Why the massage styles of ‘Therapeutic Breast Massage’ and ‘Manual Lymphatic Drainage’ are no more helpful than milk ejections for lactating women with breast inflammation and may even make things worse
A breastfeeding woman needs to make time for many different ways of caring for her own physical and emotional needs. Breast massage has become very popular in recent years. But would you be better spending that money and precious time on another form of self-care, or even on whole-body therapeutic massage? In this article I look at breast massage during lactation from a researcher and clinician’s perspective.
Plain language summary of this article
Gentle movement of one’s own breasts with the palms of the hands, in a way that feels good but doesn’t cause any discomfort or pain, may have a role in the prevention or management of breast inflammation during lactation for some. This is more likely to be true for women with generous breasts. However, there is no evidence to show that Therapeutic Breast Massage (TBML) or Manual Lymphatic Drainage (MLD) are beneficial in lactation-related breast inflammation, and there are pathophysiological reasons to be concerned that they may worsen outcomes for some. Any perceived benefit is likely to be due to the milk ejections and milk removal that occur during these massages, which can be more cheaply and time efficiently achieved by putting the baby to the breast more often, or hand expression.
What the Witt et al study tells us about Therapeutic Breast Massage in Lactation
My attention has been drawn to errors I have made in Appendix 1 of my research article Re-thinking benign inflammation of the lactating breast: Classification, prevention, and management.1 Appendix 1 is entitled: ‘Therapeutic breast massage or manual lymphatic drainage do not improve breast inflammation and may worsen outcomes’. I have wrongly represented:
- The rates of follow-up in the Witt et al 2016 study,2 and
- The analysis of Witt et al in Anderson et al’s systematic review.3
I apologise unreservedly for these mistakes.

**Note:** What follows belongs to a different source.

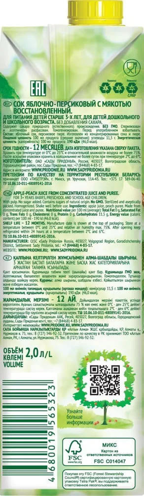 Сады Придонья Сок с мякотью восстановленный «Яблоко-персик»
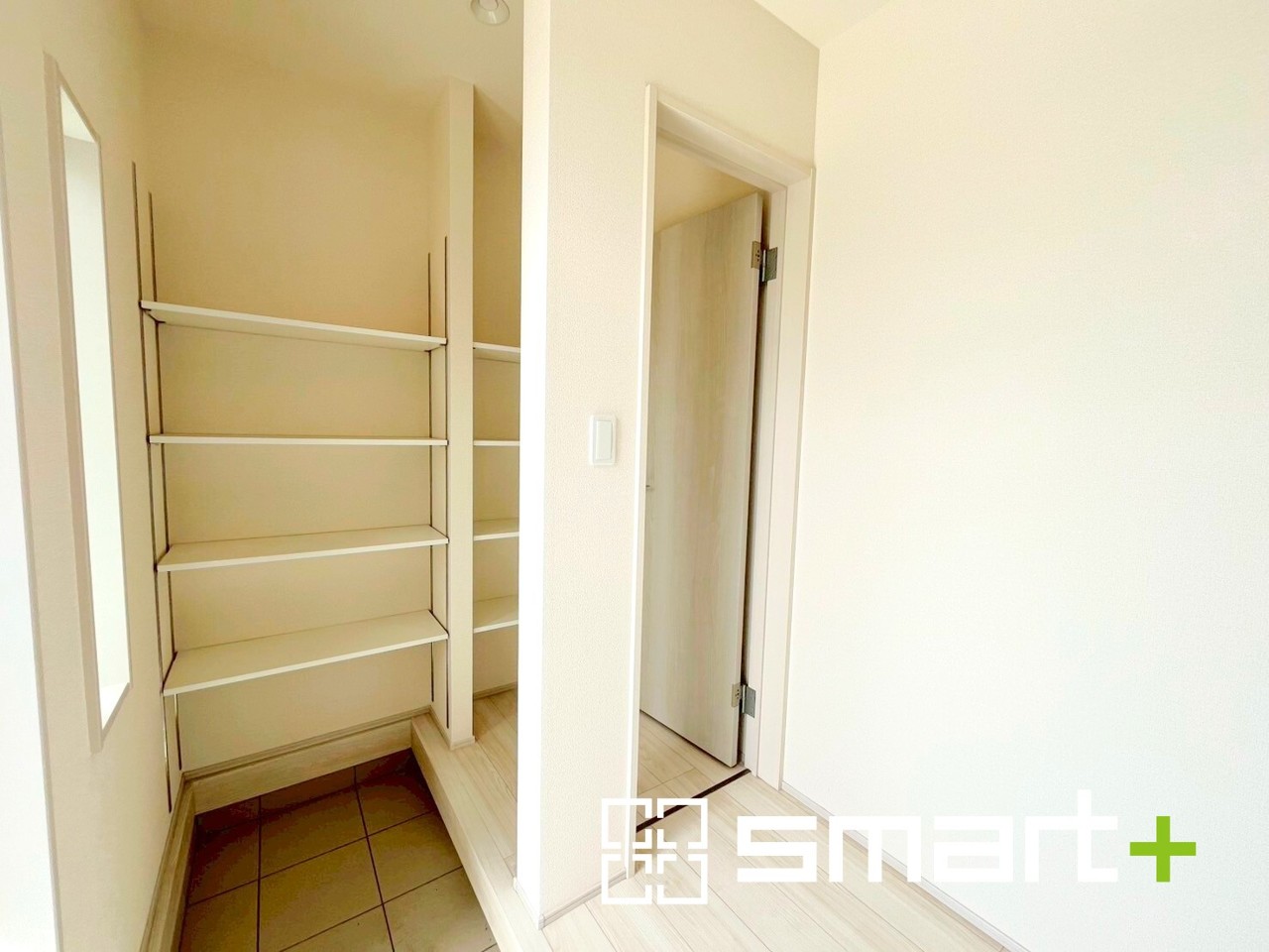 ~シューズインクロークのある玄関~ ・玄関横にシューズインクロークをご用意。 ・追加の靴置きとしてはもちろん、スキー・ゴルフなど趣味の用具の置場としてもご利用いただけます。

The Witt et al study is not an RCT, as I wrote in Appendix 1, but a nested case control study. It is referred to as “quasi-experimental’’ in the Anderson et al systematic review, not as an RCT. In Appendix 1 of my article, I also wrongly represent the numbers who responded to follow-up emails in the Witt et al study, falsely attributing these inaccurate numbers to Anderson et al.
Anderson et al did not state that that “results of Witt et al’s RCT are unreliable, because of an unusually high rate of drop-out from the intervention group.” Witt et al shows that 38 women of the intervention group of 42 completed the 2 day survey. Ninety-eight percent followed up at 12 weeks. For the nested case control of mothers with engorgement, there was 87% (13/15) follow-up at 2 days and 100% (15/15) follow-up at 12 weeks. The control group had a follow-up of 77% (56/73) at 2 days and 88% (64/73) at 12 weeks. Overall, Witt et al report excellent follow-up rates for patients receiving TBML, and also in the control group.
I wholeheartedly acknowledge the importance of accurate representation of research data. I am grateful for opportunity to amend my errors and apologise. I welcome respectful discussion and debate concerning interpretation of data, which is a different matter again.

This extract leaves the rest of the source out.